作者: 魏鹏飞 | 来源:发表于2020-04-08 09:02 被阅读0次

torch.optim.SGD(params, lr=<required parameter>, momentum=0, dampening=0, weight_decay=0, nesterov=False)

Implements stochastic gradient descent (optionally with momentum).

Nesterov momentum is based on the formula from On the importance of initialization and momentum in deep learning.

Parameters
  • params (iterable) – iterable of parameters to optimize or dicts defining parameter groups

  • lr (float) – learning rate

  • momentum (float, optional) – momentum factor (default: 0)

  • weight_decay (float, optional) – weight decay (L2 penalty) (default: 0)

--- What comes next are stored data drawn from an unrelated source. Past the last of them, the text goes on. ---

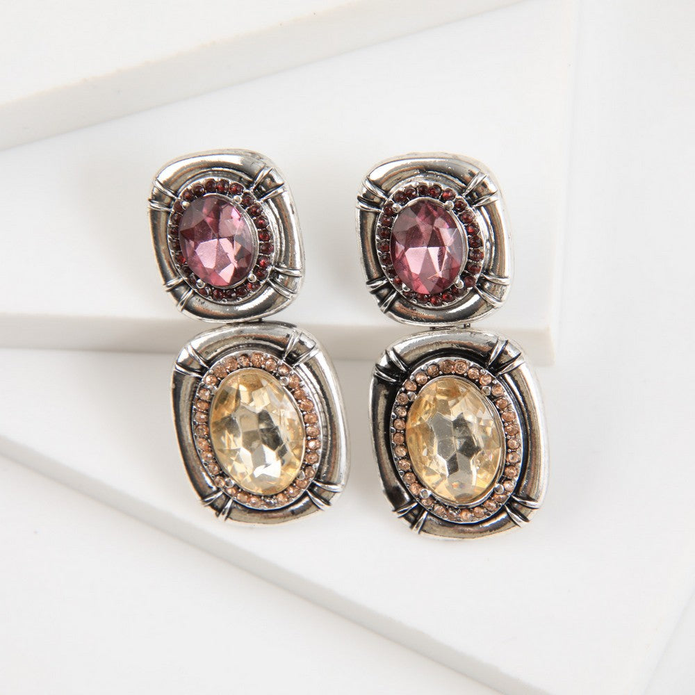 Aros de estructura metálica plateada con relieve, de forma cuadrada suavemente curvada y centro ovalado tipo cristal en dos variantes de color: rosado profundo y ámbar claro. Cada pieza está rodeada por un borde de pequeñas aplicaciones brillantes que aportan luz y textura. Un diseño llamativo pero combinable, ideal para dar un toque elegante y distinto a looks de día o noche.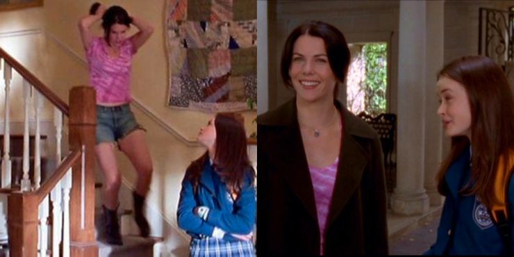 El primer día de Rory en Chilton, Lorelai se quedó dormida y no tenía nada que ponerse porque era día de lavandería. El atuendo que eligió fue uno de los peores atuendos de Lorelai en chicas gilmore porque una camiseta rosa fuerte, jeans cortados y botas de vaquero no eran apropiados para usar en una escuela privada de lujo.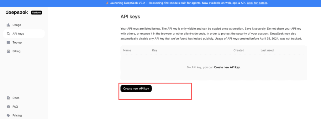 配置api key,这个需要你在deepseek先注册,https://platform.deepseek.com/sign_in,注册以后登录deepseek平台,新增api key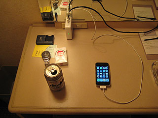 | 徳島ワシントンホテルプラザ ホテルに付いたら、先ずは iPhone の充電です。 AirMac Express で有線 LAN を無線 LAN に・・・ AirMac Express は iPhone の充電も出来ます。 |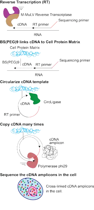 In FISSEQ, a series of biochemical processing steps, such as DNA ligations or single-base DNA polymerase extensions, are performed on a block of fixed tissue, interlaced with fluorescent imaging steps. The process is conceptually identical to the mechanism of fluorescent sequencing by synthesis in a commercial bulk DNA sequencing machine, except that it is performed in fixed tissue. Each DNA or RNA molecule in the sample is first “amplified” (i.e., copied) in-situ via rolling-circle amplification to create a localized “rolling circle colony” (rolony) consisting of identical copies of the parent molecule. A series of biochemical steps are then carried out. In the kth cycle, a fluorescent tag is introduced, the color of which corresponds to the identity of the kth base along the rolony’s parent DNA strand. The system is then “paused” in this state for imaging. The entire sample can be imaged in each cycle. The fluorescent tags are then cleaved and washed away, and the next cycle is initiated. Each rolony – corresponding to a single “parent” DNA or RNA molecule in the tissue – thus appears across a series of fluorescent images, as a localized “spot” with a sequence of colors corresponding to the nucleotide sequence of the parent molecule. The nucleotide sequence of each DNA or RNA molecule is thus read out in-situ via fluorescent microscopy.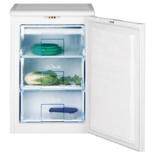 Морозильную камеру BEKO FNE 1072 объёмом 90 л удобна для заморозки продуктов в домашних условиях. Эта модель получила сдержанный дизайн в классическом белом цвете, благодаря чему будет неплохо сочетаться с большинством интерьеров. Размеры морозильной камеры – 84 х 55 х 54 см. При необходимости для большего комфорта можно перевесить дверцы на другую сторону. BEKO FNE 1072 относится к классу энергопотребления А+. Полезный объём морозильной камеры составляет 75 л. В устройстве используется механический тип управления. Хладагент R600a обеспечивает эффективную заморозку продуктов питания, сохраняя их свежесть и полезные свойства. В этом устройстве BEKO используется система авторазморозки No Frost. Она предполагает самостоятельное размораживание образованного инея, без участия человека. Это помогает сэкономить драгоценное время и силы.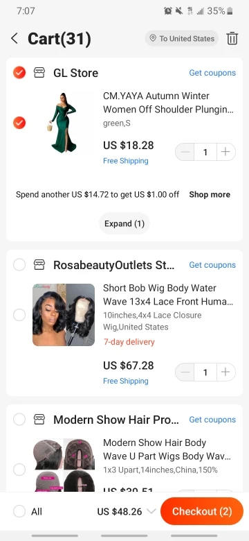 Я заказал парик 1*3 U. Они прислали мне 2*4. После отправки изображений и нескольких сообщений мне сказали, что мне нужно будет отправить его, оплатите доставку за 16 долларов, и они вернут мне деньги за эту стоимость. AliExpress не допускает возврата денег выше, чем то, что было оплачено. Затем они солгли и сказали мне, что отправят мне стоимость доставки через PayPal, затем они сказали, что их PayPal имеет проблемы. В основном я был разочарован продуктом и был готов отправить его обратно, но теперь я еще больше разочарован процессом поиска денег.

  • dampening (float, optional) – dampening for momentum (default: 0)

  • nesterov (bool, optional) – enables Nesterov momentum (default: False)

Example
optimizer = torch.optim.SGD(model.parameters(), lr=0.1, momentum=0.9)
optimizer.zero_grad()
loss_fn(model(input), target).backward()
optimizer.step()

Note:
The implementation of SGD with Momentum/Nesterov subtly differs from Sutskever et. al. and implementations in some other frameworks.

Considering the specific case of Momentum, the update can be written as

v_{t+1}=\mu*v_t+g_{t+1},\\ p_{t+1}=p_t-lr*v_{t+1},

where p , g , v and \mu denote the parameters, gradient, velocity, and momentum respectively.

This is in contrast to Sutskever et. al. and other frameworks which employ an update of the form

v_{t+1}=\mu*v_t+lr*g_{t+1}\\ p_{t+1}=p_t-v_{t+1}
The Nesterov version is analogously modified.

step(closure=None)

Performs a single optimization step.

Parameters
  • closure (callable, optional) – A closure that reevaluates the model and returns the loss.
image.png

SOURCE CODE

import torch
from .optimizer import Optimizer, required

[[docs]](https://pytorch.org/docs/master/optim.html#torch.optim.SGD)class SGD(Optimizer):
    r"""Implements stochastic gradient descent (optionally with momentum).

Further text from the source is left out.